Kamal Acharya

Ph.D. Candidate at UMBC, AI Researcher

Time Series Forecasting for Advanced Air Mobility: Best Practices

Introduction

A comprehensive guide to building robust time series forecasting models specifically for air mobility data. Drawing from my experience with Tennessee AAM data, I share techniques, common pitfalls, and validation strategies that have proven effective in practice.

Time series forecasting is critical for advanced air mobility operations. Accurate demand predictions enable better resource allocation, reduce operational costs, and improve service reliability.

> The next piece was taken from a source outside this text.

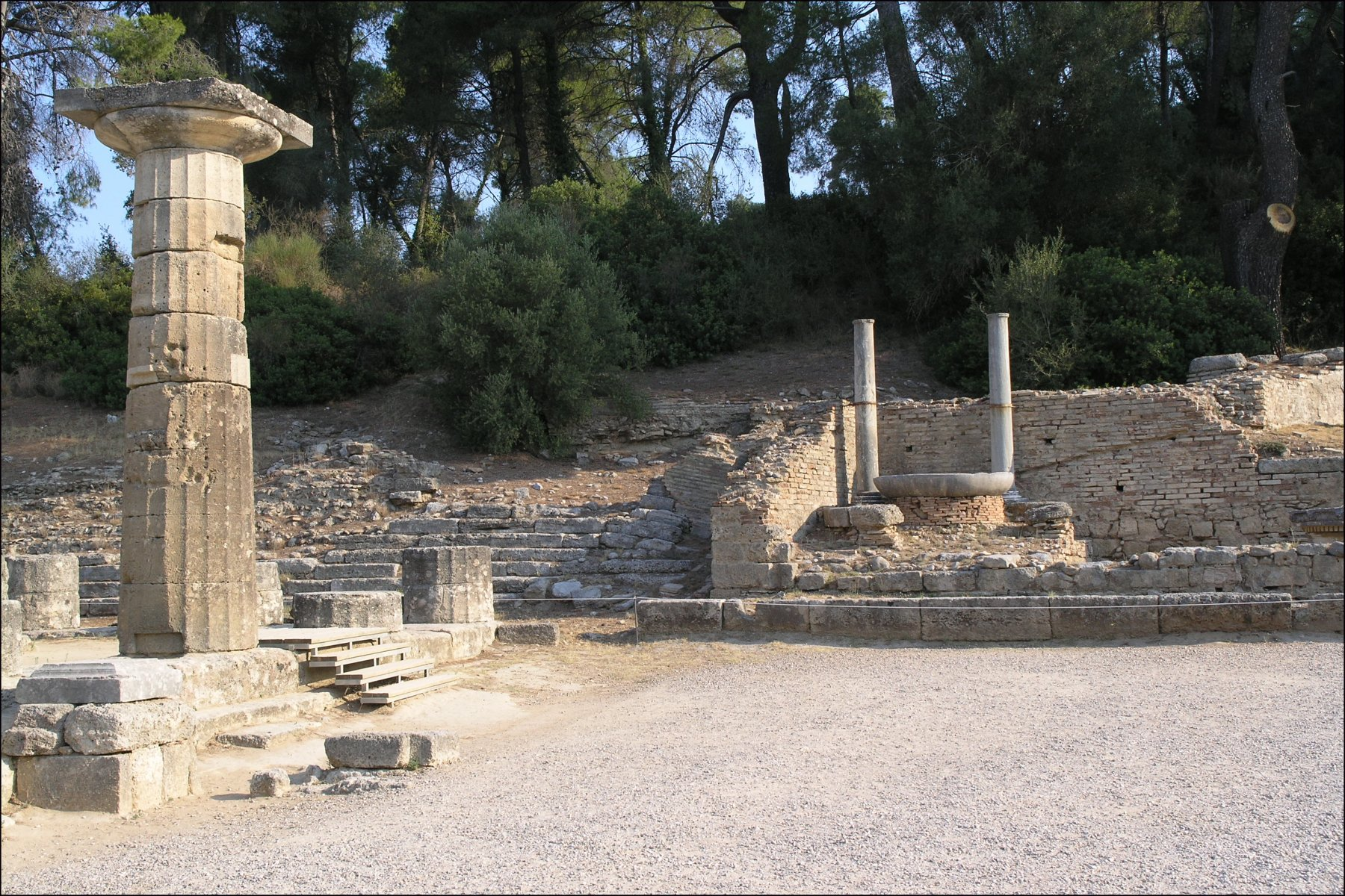 Olympia, Greek

Data Preprocessing for Temporal Data

Lorem ipsum dolor sit amet, consectetur adipiscing elit. Sed do eiusmod tempor incididunt ut labore et dolore magna aliqua. Ut enim ad minim veniam, quis nostrud exercitation ullamco laboris nisi ut aliquip ex ea commodo consequat.

Key considerations when working with temporal data:

Handling Missing Values

Missing data is inevitable in real-world applications. Options include:

  • Forward filling (carry last value forward)
  • Interpolation (linear or spline)
  • Model-based imputation
  • Domain-specific approaches

For air mobility data, interpolation often works well for short gaps, while longer gaps may require domain knowledge.

Dealing with Seasonality

Air mobility demand exhibits multiple seasonal patterns:

  • Hourly: Rush hours vs. off-peak
  • Daily: Weekday vs. weekend
  • Weekly: Business travel patterns
  • Seasonal: Weather and holiday effects

Managing Trend Components

Trends in air mobility can be driven by:

  • Gradual growth or decline
  • Policy changes
  • Infrastructure development
  • Economic factors

Accounting for External Factors

External variables can significantly impact demand:

  • Weather conditions
  • Special events
  • Holidays and vacation periods
  • Fuel prices
  • Regulatory changes

Feature Engineering Techniques

Duis aute irure dolor in reprehenderit in voluptate velit esse cillum dolore eu fugiat nulla pariatur. Excepteur sint occaecat cupidatat non proident, sunt in culpa qui officia deserunt mollit anim id est laborum.

Effective features for time series include:

Lagged Values

Use previous values as features (t-1, t-7, t-30, etc.). The lag values selected depend on your domain knowledge and data characteristics.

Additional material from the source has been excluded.